In a 63rd example, the method of Example 62, wherein the particular patient is not included in the plurality of patients.


In a 64th example, the method of Example 62, wherein the data points are clustered based on latent space heart health parameters determined for each patient at different points in time.


In a 65th example, the method of Example 62, wherein the particular patient is not included in the plurality of patients, wherein latent space heart health parameters are determined for the particular patient at different times, and wherein the latent space heart health parameters are mapped to the data point clusters.


In a 66th example, the method of Example 62, wherein the data point clusters are presented as being different colors.
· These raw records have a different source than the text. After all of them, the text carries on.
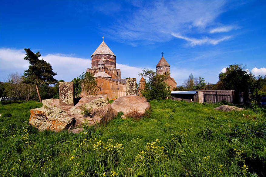 Kecharis Monastery (11th-13th century) is located in Tsakhkadzor ski resort in Kotayk Region. The monastery was founded by Pahlavuni Prince to become a major religious and educational center of Armenia. Kecharis has undergone a major reconstruction and it is seen from the ski slopes. The main group of the complex consists of three churches, two chapels and a gavit, to the west of which, a few dozen meters away, there is another church with its own vestry at the side of a road leading to the forest. There still are many tombstones around these monuments. The main temple of Saint Grigor was erected by Grigor Magistros Pahlavuni (an Armenian Prince, linguist, scholar) in 1003. The church has an architecture typical of the feudalism period in Armenia. The interior of the temple is divided into three spaces by two pairs of wall-attached abutments. The central (and largest) space of the church is crowned by a broad cupola resting on spherical pendentives.
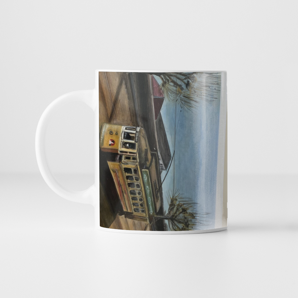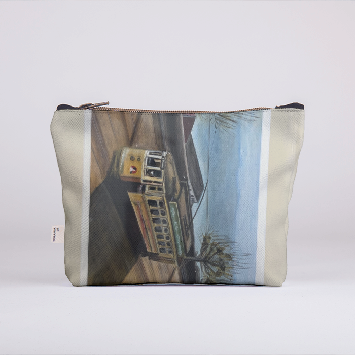 A pintura retrata a subida do electrico na Rua D Pedro V junto ao rio Douro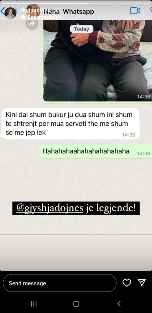 Me një screenshot bisede në ‘Whatsapp’, Dojna tregoi një koment të gjyshes së saj pasi moderatorja i dërgoi një foto ku pozonte me gjyshin. “Keni dalë shumë bukur, ju dua shumë! Jeni shumë të shtrenjtë, por për mua Serveti(bashkëshorti i saj) edhe më shumë sepse më jep lekë”- i përgjigjej ajo.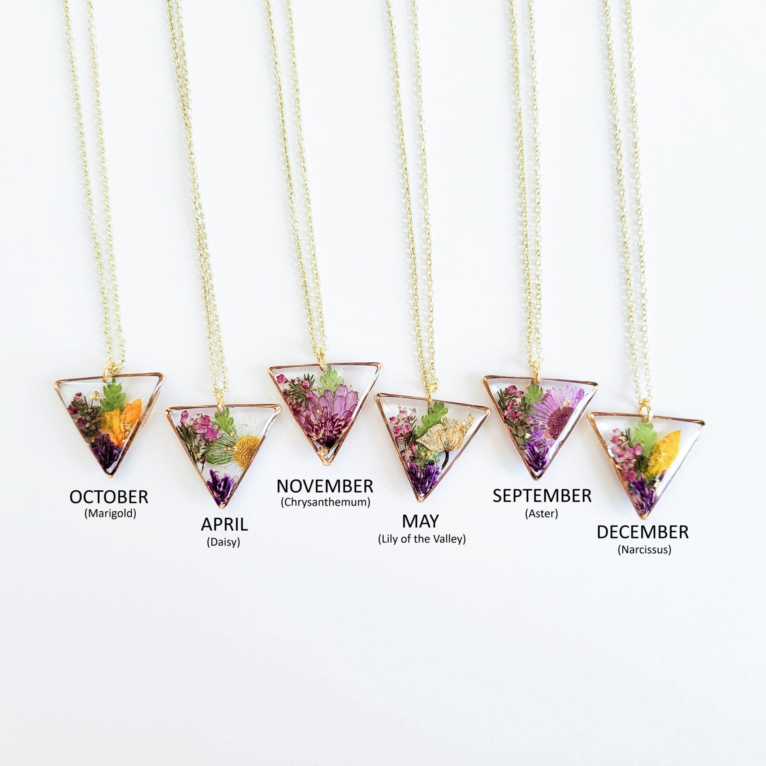 – CUSTOM: Combine multiple (up to 4) birth month flowers into a single pendant. If you select the CUSTOM option, please use the “notes about your order” box at checkout to list all the months you want included.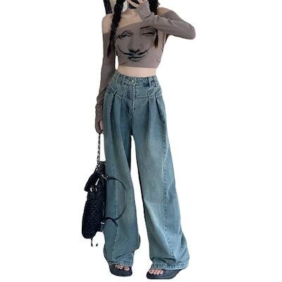 ワイドパンツ デニムワイドパンツ レディース 秋 ハイウエスト ゆったり ウォッシュド オールドパンツ30

In a 67th example, the method of Example 62, wherein the endotype trend is presented as a plurality of graphical elements associated with the plurality of data points associated with the particular patient.


In a 68th example, the method of Example 67, wherein the graphical elements are stars.


In a 69th example, the method of Example 67, wherein the graphical elements are adjusted based on a recency of the data point.


In a 70th example, the method of Example 69, wherein an interior color of each graphical element is adjusted in transparency based on its recency.


In a 71st example, the method of Example 70, wherein the user interface presents a plurality of ellipses, and wherein each ellipse includes a subset of the data points which are assigned similar likelihoods of a particular endotype.


In a 72nd example, the method of Example 70, wherein the data point clusters are assigned a same color.


In a 73rd example, the method of Example 70, wherein the endotype trend is a trendline connecting the data points associated with the particular patient.


In a 74th example, the method of Example 70, wherein a textual summary of the endotype trend is included in the user interface.


In a 75th example, the system comprising one or more processors and compute storage media storing instructions that when executed by the one or more processors, cause the processors to perform the method of Examples 62-74.


In a 76th example, non-transitory computer storage media storing instructions that when executed by a system of one or more processors, cause the one or more processors to perform the method of Examples 62-74.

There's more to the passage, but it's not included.